In plain English, the Fed claims it will begin selling off assets from its balance sheet, which remains bloated from previous Quantitative Easing programs. If “normalization” does actually proceed at full speed, it would entail $ 50 billion in financial assets per month being dumped into the market.
Not even Fed officials know how markets will react to the fire sale. But it will likely have the effect of a set of stealth rate hikes. That’s assuming Yellen follows through on her “normalization” threat.
Despite Yellen’s hawkish tone, Fed fund futures markets are pricing in only a 45% chance of another rate hike before the end of the year. The central bank may not get very far in unwinding its balance sheet either, especially given extant economic fragilities.
Retail sales have slumped for four straight months even as consumers ramp up their debt loads to dangerous levels. “Household borrowings have surged to a record $ 12.73 trillion, and the percentage of debt that is overdue has risen for two consecutive quarters,” reports Bloomberg.
With commodity prices and Consumer Price Index readings on the decline in recent months, the Fed now risks pushing the economy into recession.
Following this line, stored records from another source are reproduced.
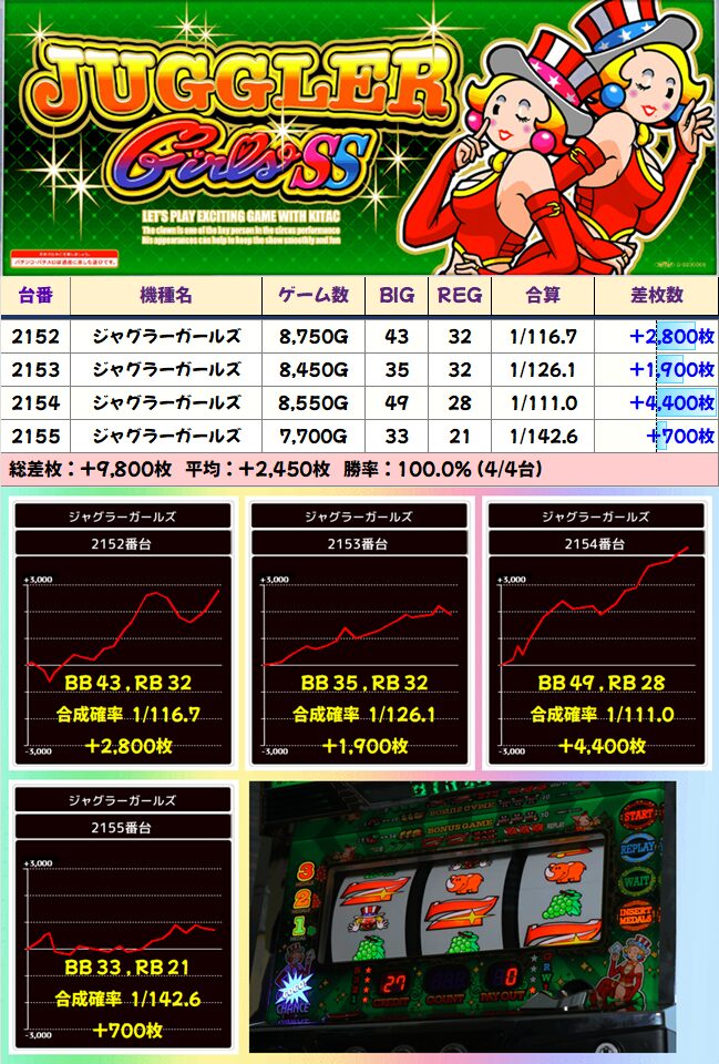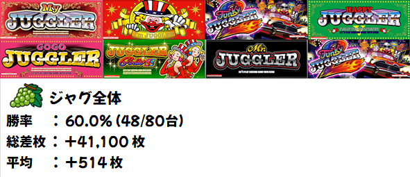全体での勝率が60%と高く、1台平均でも+500枚を超えてきています。前からジャグは抜き出して個別にまとめていますが、今回もその傾向は変わらず。安定を求めるならジャグから狙うのもアリかもしれませんよ?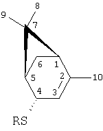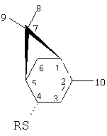 где R: -CH2CH3; -CH(CH3)2; -(CH2)7CH3; -CH2COOH; -CH2COOCH3. Транс-пиненилсульфиды содержат реакционно-способные фрагменты (сульфидную группу и двойную связь) и могут использоваться для синтеза новых соединений с потенциальной биологической активностью. Известен способ получения 4 Изобретение касается транс-пиненилсульфидов как потенциальных биологически активных веществ с радикалами сульфидной группы: -СН2СН3; -СН(СН3)2; -(СН2)7СН3; -СН2СООН; -СН2СООСН3. Цель – создание способа получения новых веществ класса транс-пиненилсульфидов. Цель достигается взаимодействием цис-вербенола с соответствующими тиолами, взятыми в молярном соотношении 1:3, и проведением процесса в присутствии каталитических количеств хлористого цинка в среде хлористого метилена при 20-25°С. Недостатком вышеуказанных известных способов получения терпенсульфидов является осуществление процесса в течение длительного времени (12-50 часов) и при повышенной температуре (75-140°С). Синтез транс-пиненилсульфидов ведут реакцией цис-вербенола с избытком соответствующего тиола в присутствии каталитических количеств хлористого цинка в среде хлористого метилена при 20-25°С в течение 2-3 часов. Выход, %; брутто-формула:
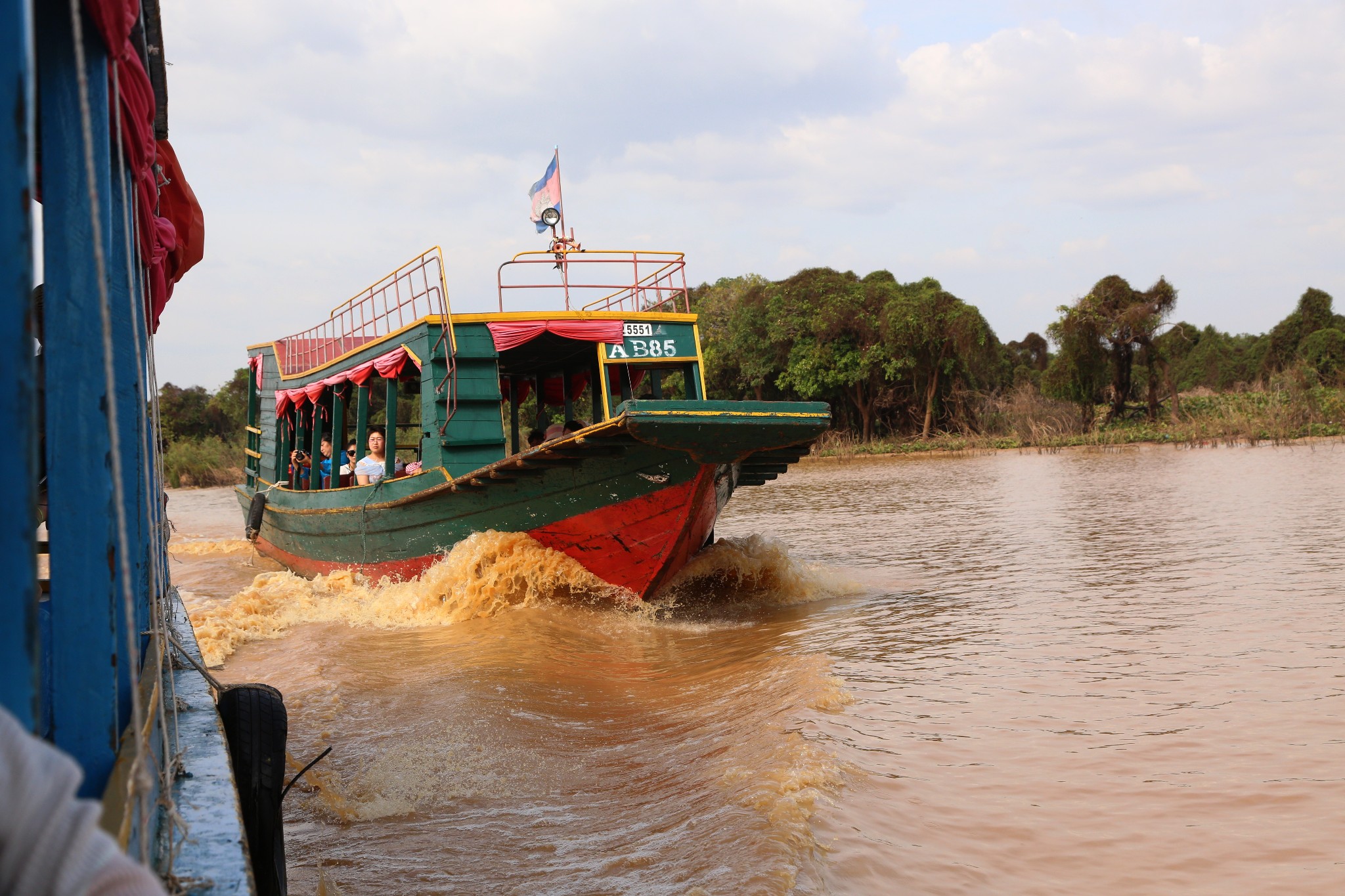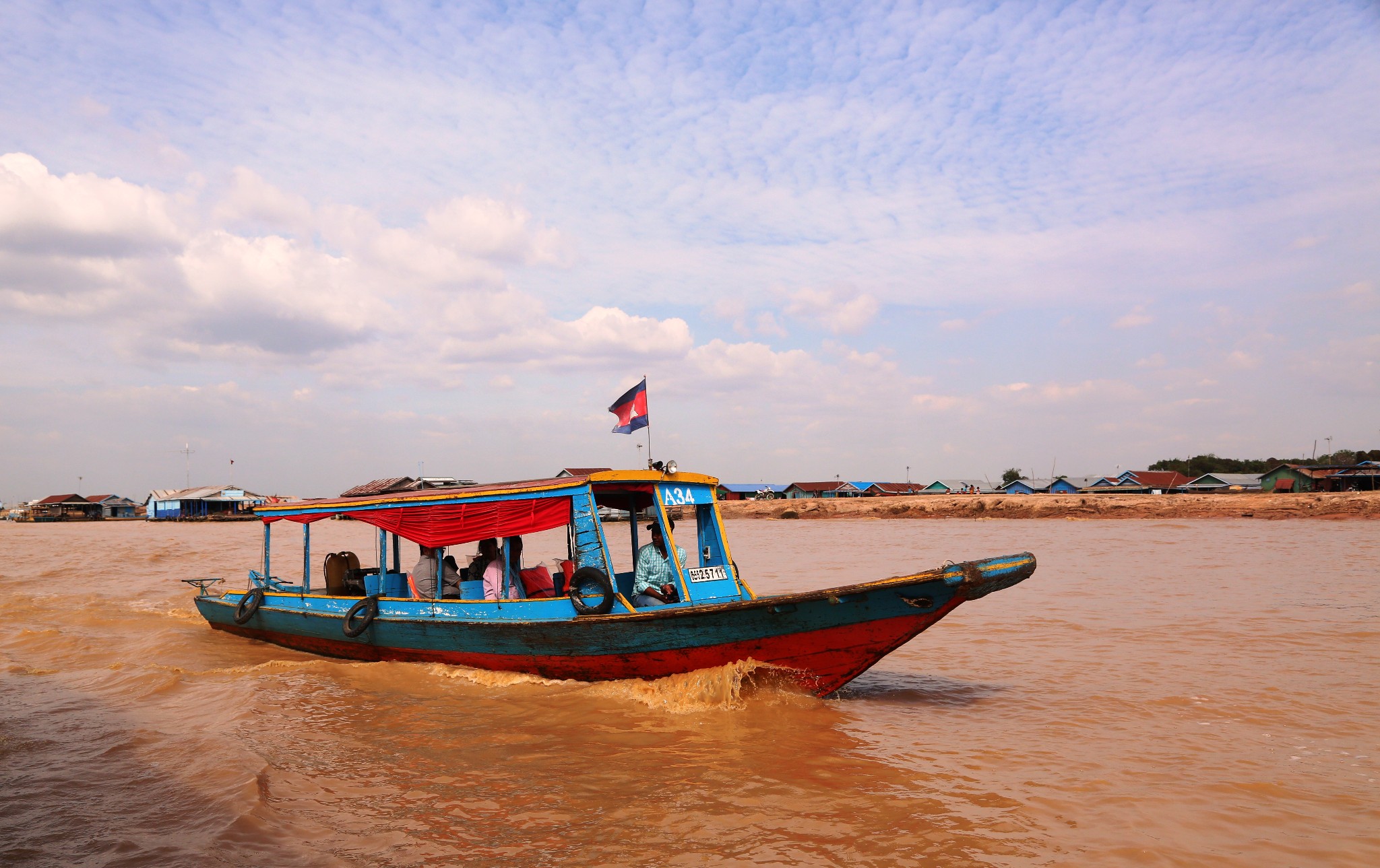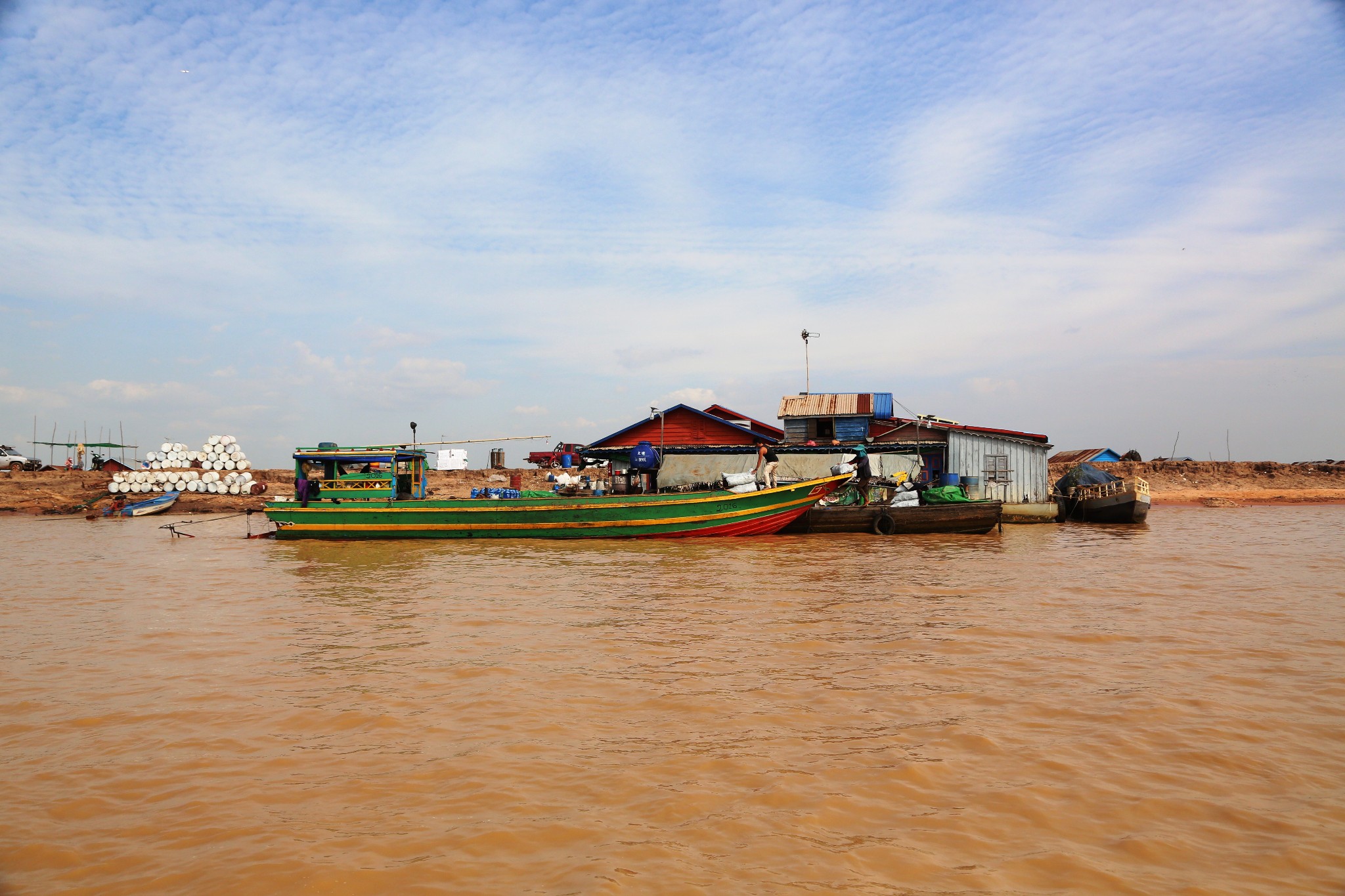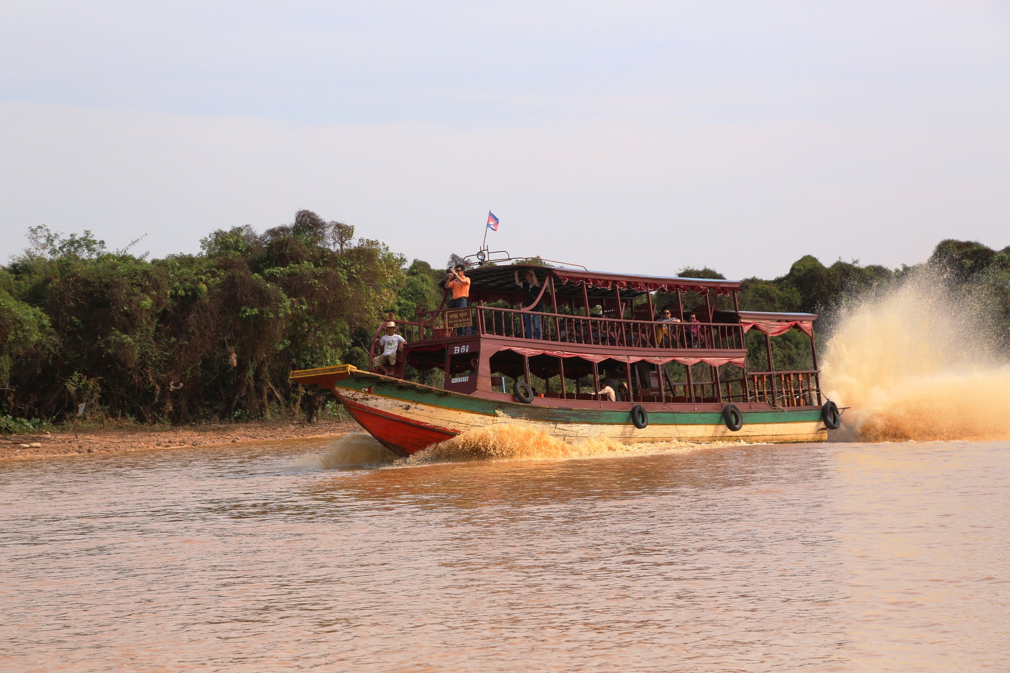 坐上了飞快的游船,混浊的水花扑面而来。洞里萨湖是世界第三大淡水湖。千百年来,一代又一代的柬埔寨人在这里安居乐业。因此,也被誉为生命之湖。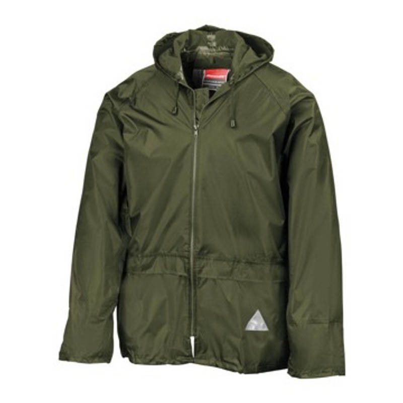 ·100% polyester (190T StormDri 2000 coated) ·Wind- and waterproof (2,000 mm) ·Hood with tear release fastening ·Full zip·Mesh ventilated back ·Inner storm cuffs, adjustable drawcord hem on jacket ·2 spacious front pockets, 2 access pockets to trousers ·Elasticated waist on trousers ·Adjustable snap closing ankles on trousers ·Reflective triangles (3M™ Scotchlite™) ·Zip closing stuff bag ·Contains recycled material ·Suitable for digital transfer print, direct print. Značka : RESULT . Materiál : 190T 100% Polyester
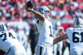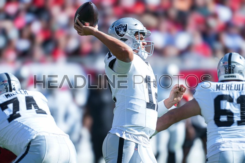 Tampa Bay, Florida, USA, December 8, 2024, Las Vegas Raiders quarterback Aidan O'Connel #12 makes a pass at Raymond James Stadium. (Photo Credit: Marty Jean-Louis)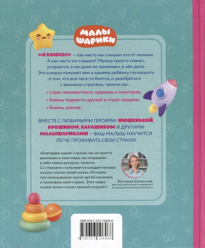 Страх — очень важная эмоция, с которой сталкивался каждый. Научиться проживать свой страх и становиться сильнее помогут истории в этой книжке. Вместе с малышариками ваш малыш узнает, что бояться — нормально, но страх можно прожить и, благодаря страху, даже научиться чему-то новому. А предисловие специалиста по эмоциональному интеллекту Виктории Шиманской подскажет родителям, как работать с книжкой и как действовать в ситуации, когда ребенок боится.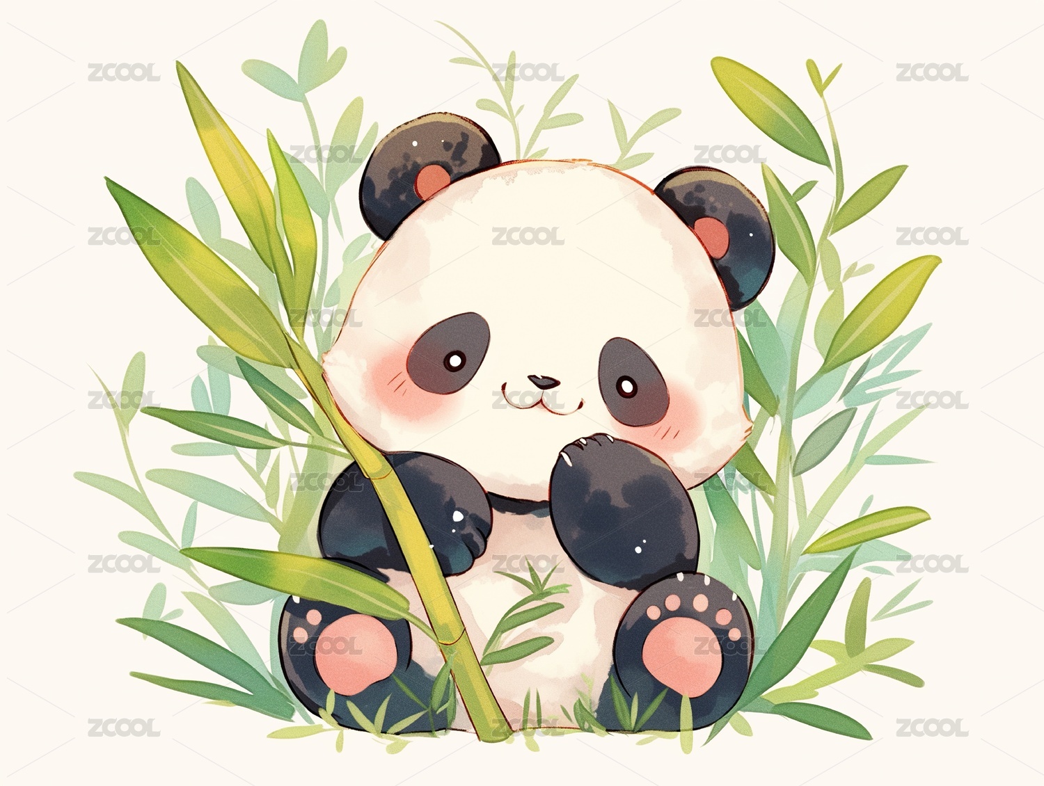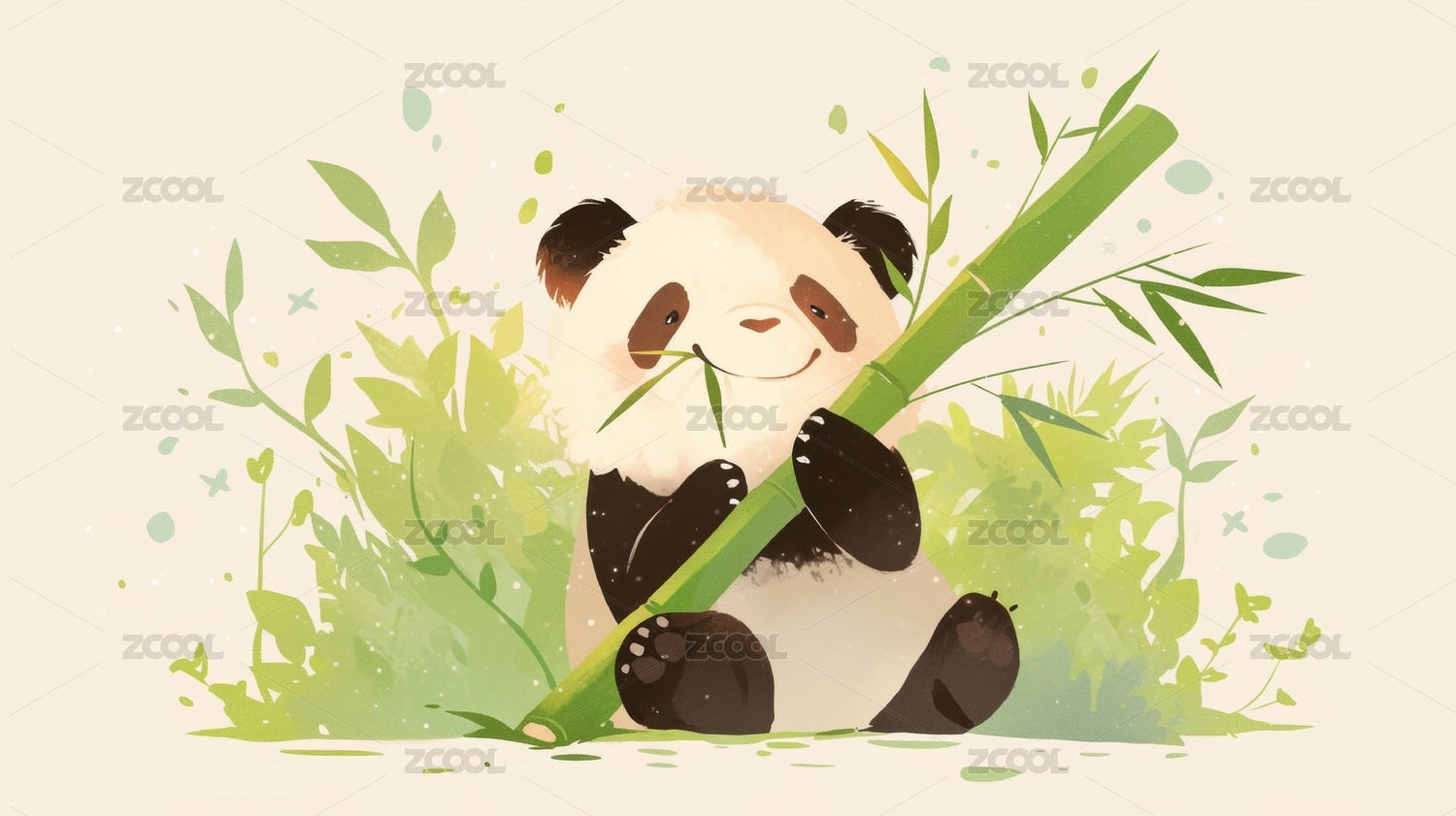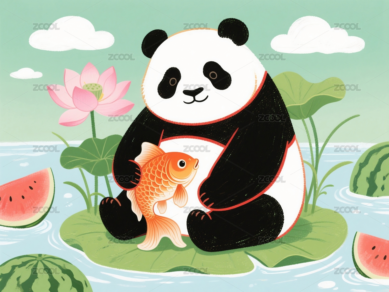 划船,熊猫,荷花,夏天,国宝,卡通,插画,植物,大暑,小暑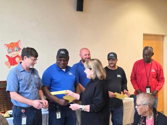 At this meeting, the Friends of the Library recognized the library’s maintenance staff members with the Friends of the Year Award: Eugene Albertson, Mitchell Humphries, Wilfrid Louve, Lane Smith, and Glenn Williams.

Of course, things are still going swimmingly on Wall Street. The Dow Jones Industrials closed last Friday at another slight new record high at 21,384.
However, the Nasdaq 100 closed down to a four-week low. Top Nasdaq names such as Apple, Google, and Baidu had been the market leaders. The fact that they are now lagging spells potential trouble for the broader stock market.
Volatility in the stock market has been muted for so long that when fear finally breaks out, the magnitude of the price drops that follow could catch investors by surprise. The upshot of a sell-off in stocks is that it could rekindle a rise in safe-haven demand for the money metals.